What we are doing actually:

  1. Put the head of each non-empty list into a min-heap.
  2. Repeatedly remove the smallest node.
  3. Append that node to the answer and push its next node if it exists.
public ListNode mergeKLists(ListNode[] lists) {
    PriorityQueue<ListNode> pq = new PriorityQueue<>(Comparator.comparingInt(a -> a.val));
    for (ListNode node : lists) if (node != null) pq.offer(node); // Seed heap with list heads.

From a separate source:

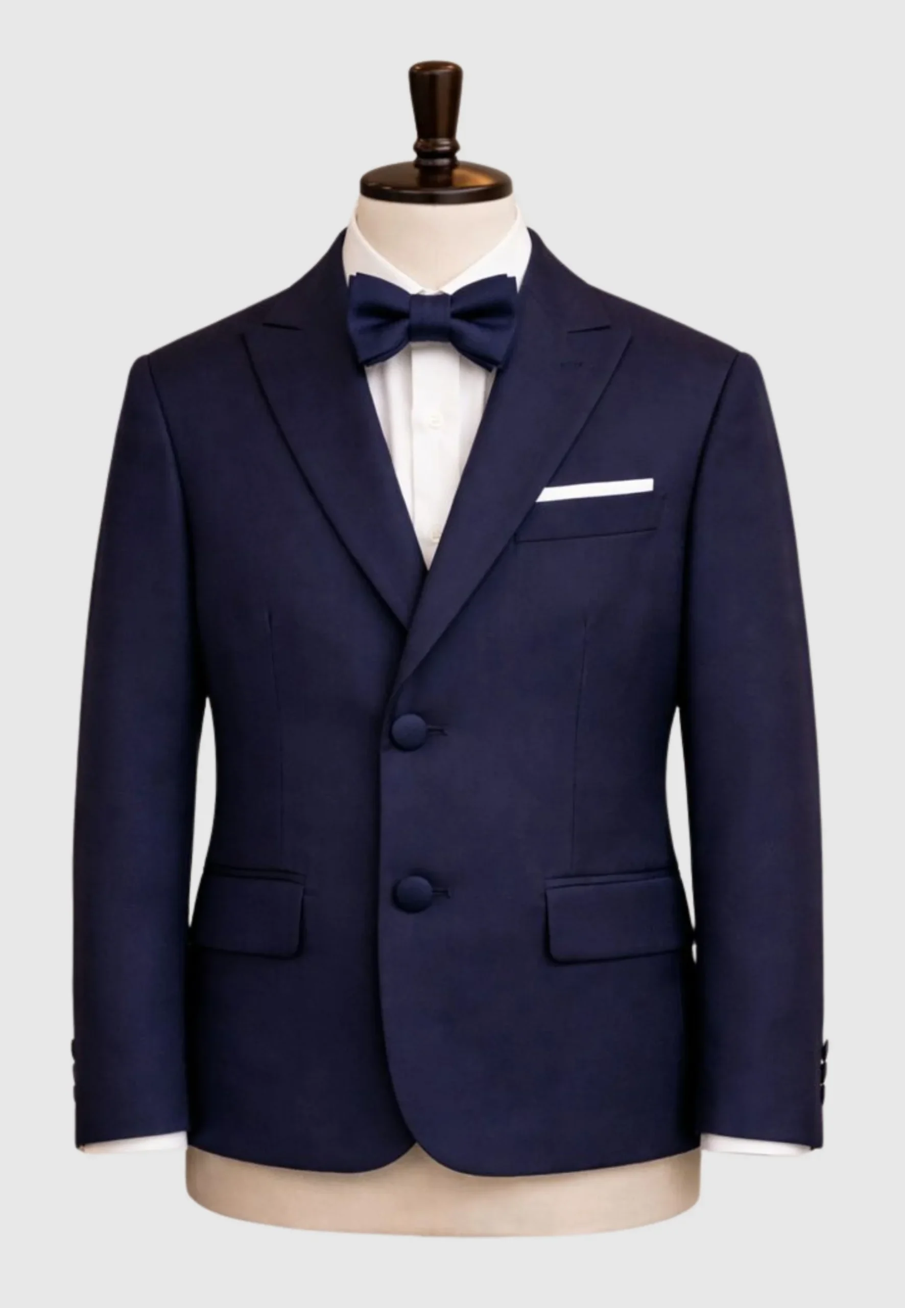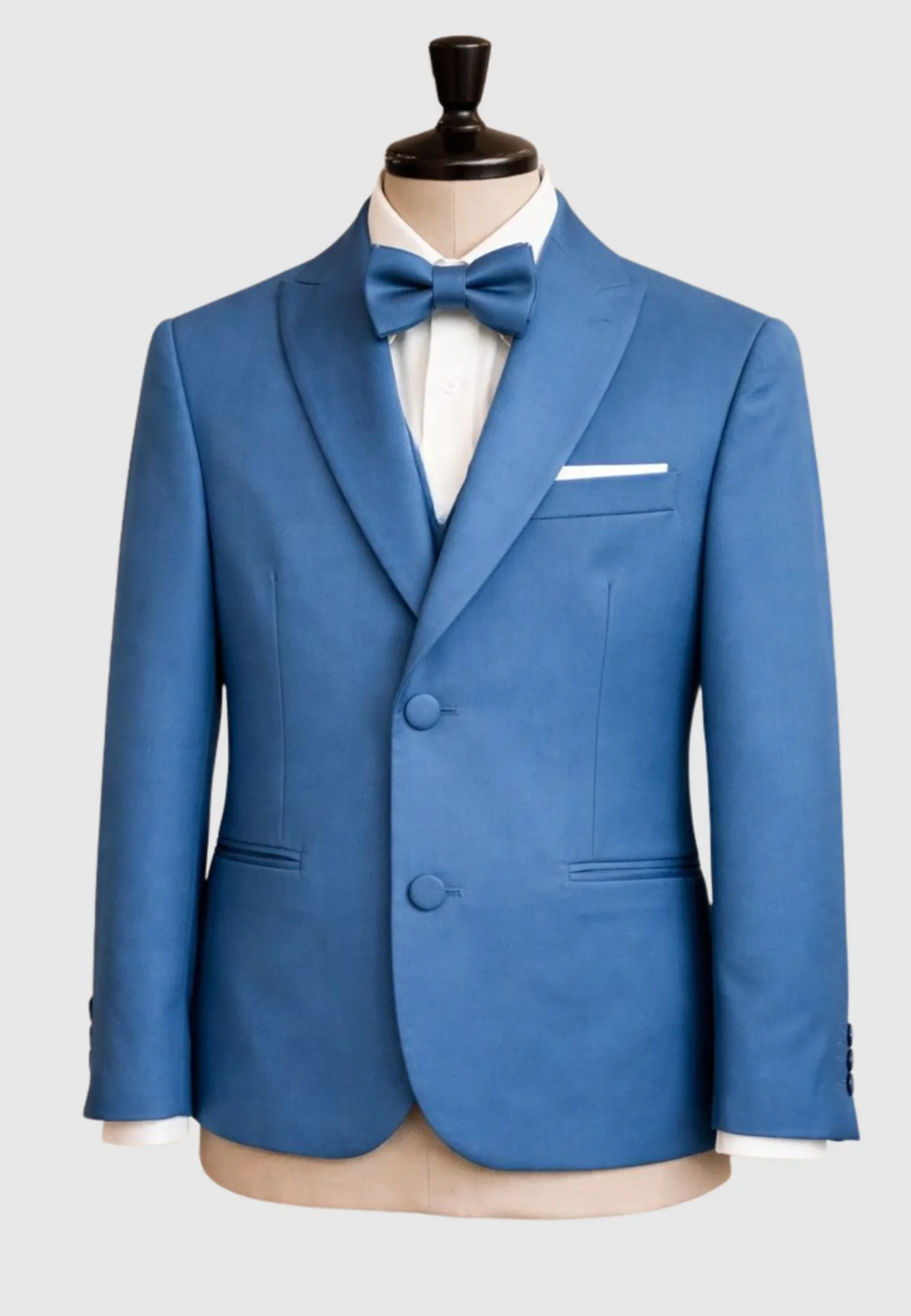 Completo tinta unita, bottoni foderati e giacca con collo a rever. Camicia classica. Pantalone taglio classico chiusura con zip e bottone, tasche a filo e elastici interni alla vita. Papillon abbinato.

    ListNode dummy = new ListNode(0), tail = dummy;
    while (!pq.isEmpty()) {
        ListNode cur = pq.poll(); // Smallest current node across all list heads.
        tail.next = cur; // Append to merged list.
        tail = tail.next;
        if (cur.next != null) pq.offer(cur.next); // Next node from same list becomes a candidate.
    }
    return dummy.next;
}

Debug steps:

  • print the heap head before each poll
  • trace which list contributed the next node
  • test empty lists, one list, and multiple uneven list lengths

Common Mistakes

  1. Wrong heap type (min vs max)
  2. Comparator bugs for custom objects
  3. Forgetting to cap heap size in top-k problems
  4. Assuming heap gives sorted iteration order

Comparator Safety Note

Avoid subtraction-based comparators due to overflow risk:

Bad:

(a, b) -> a.val - b.val

Better:

Comparator.comparingInt(node -> node.val)

Debug Checklist

When heap results are wrong:

  1. print heap size changes after each offer/poll
  2. verify comparator direction matches problem goal
  3. verify cap logic (if (pq.size() > k) pq.poll()) executes correctly
  4. assert non-empty heap before peek/poll in edge cases

Heaps fail silently when comparator semantics are inverted.


Practice Problems

  1. Kth Largest Element in an Array (LC 215)
    LeetCode
  2. Top K Frequent Elements (LC 347)
    LeetCode
  3. Find Median from Data Stream (LC 295)
    LeetCode
  4. Merge k Sorted Lists (LC 23)
    LeetCode
  5. Task Scheduler (LC 621)
    LeetCode
  6. IPO (LC 502)
    LeetCode

Key Takeaways

  • Heaps optimize repeated extreme-element access.
  • Size-capped heaps are a standard top-k tool.
  • Two-heap balancing is the canonical streaming median pattern.